Day 1 pre-lecture

From CommunityData

Slides for the talk are available in Google Docs. This page includes rough notes.

Why Programming and Data Science[edit]

The question of who controls our technology, our information, and our data, is increasingly the question of who controls our experience of the world and each other. Programming is the power to define technology. It can be in, this sense, deeply empowering.

In a technological and data driven world, being able to programming and data science is a kind of literacy. Imagine a world in which everybody could read by only some people could write?

Our goal here is not turn you into the programming or data science equivalent of novelists or journalists ­— at least not in these three weekends! Our goal is to demystify things and give you enough information to become dangerous.

Programming, you will also find — probably a little today and a lot more later on — is also enormously fun. For me, it's like meditation and problem solving. It's exactly as frustrating as a difficult puzzle and even more rewarding because your solution accomplish something else you were trying to do.

Why Python[edit]

I know a dozen programming languages and write 4-5 regularly. But Python is the correct first language to learn.

Python is a fantastic language to learn[edit]

Believe it or not, compared to other programming languages:

  • Python has a low "syntatic overhead".
  • It's easy to get work done quickly.
  • It's relatively forgiving.

Python is versatile useful for a range of applications[edit]

There are easier programming languages to learn. But Python is important because it is not a toy.

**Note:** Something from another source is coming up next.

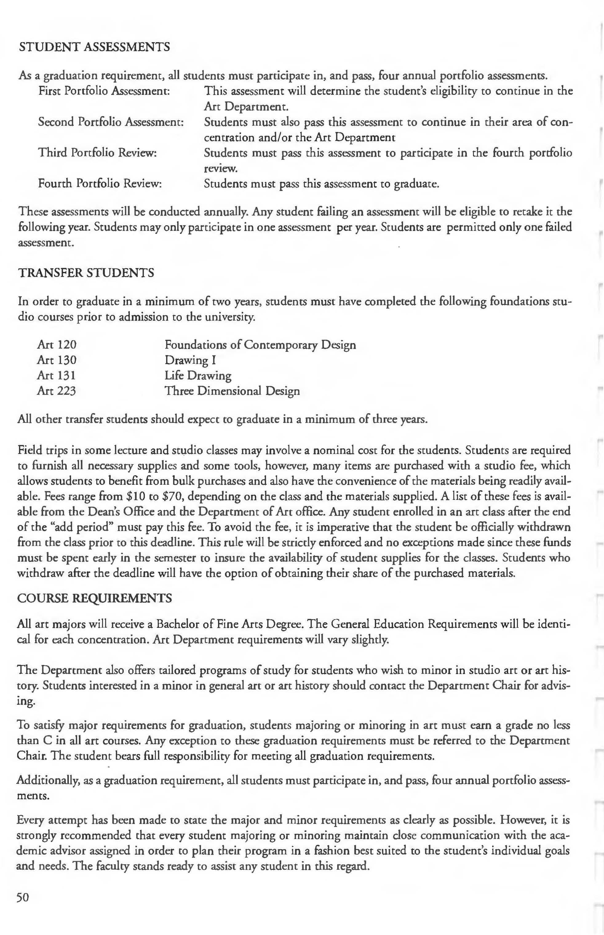 Although the academic advisor assists students with curriculum decisions and options, the student bears full responsibility for meeting graduation requirements.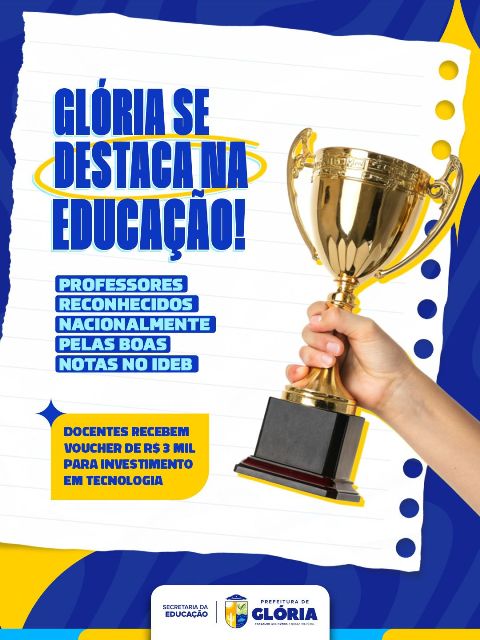 A Prefeitura de Glória, por meio da Secretaria Municipal de Educação, parabeniza todos os professores contemplados, destacando que essa conquista é resultado do empenho coletivo e do compromisso com uma educação pública cada vez melhor.

In designing the curriculum for these workshops, we have tried to only teach tools that we, as professional data scientists and programmers, use ourselves and find useful.

Python is used for:

  • Big Companies — Big companies like Google use Python to run much of the code that collects all the webpages that go into their search results.
  • Web applications (Instagram, Pintrest, and the Washington Post all run websites written largely in Python).
  • Python can be used to extend existing applications. You can use it to script many graphical applications.
  • Python can be used to build graphical games (e.g., Civilization 4; Frets on Fire is a free version of Guitar Hero)
  • Python is used for movies and graphics (e.g., Industrial Light and Magic; Disney Feature Animation)
  • One of the langauges for science (national weather services, NASA, genomics reseachers)
  • Python really shines when it comes to dealing with data and with the web.

Outcomes[edit]

  • Examples of projects people did: File:Matplotlib-hist2d.png
  • For academic types: I know of at least one person who has finished and submitted a paper for publication using data they collected from the Reddit online community.
  • Miku Lenentine and several others have organized a series of monthly meetings with participants!
  • I am beyond proud to announce that we have at least several mentors this time who were enrolled as students last time!
  • Ben Lewis started out as a mentor and is now an organizer!
  • Dharma Dailey started out as a student and then became a mentor and has been an organizer for the last two sessions!
  • Many returning mentors!

Schedule[edit]

  • Broad overview: three sessions
  • Lecture
  • Lunch downstairs in the hallway — many more mentors will join us
    • lunches get "better" (or at least more expensive!) over time: pizza today; Indian food next week; greek the third time
    • everything is vegetarian and there always many vegan and gluten free options. other lunch options are available on campus
  • Projects until 3:30: 2.5 projects, think about them

Final Notes[edit]

  • Choose sessions: Baby Names Room 1 and Room 2 Code Academy (and then Wordplay)
  • We will get rooms divided up and put them on the whiteboard at the whiteboard here. Go there to see where things are.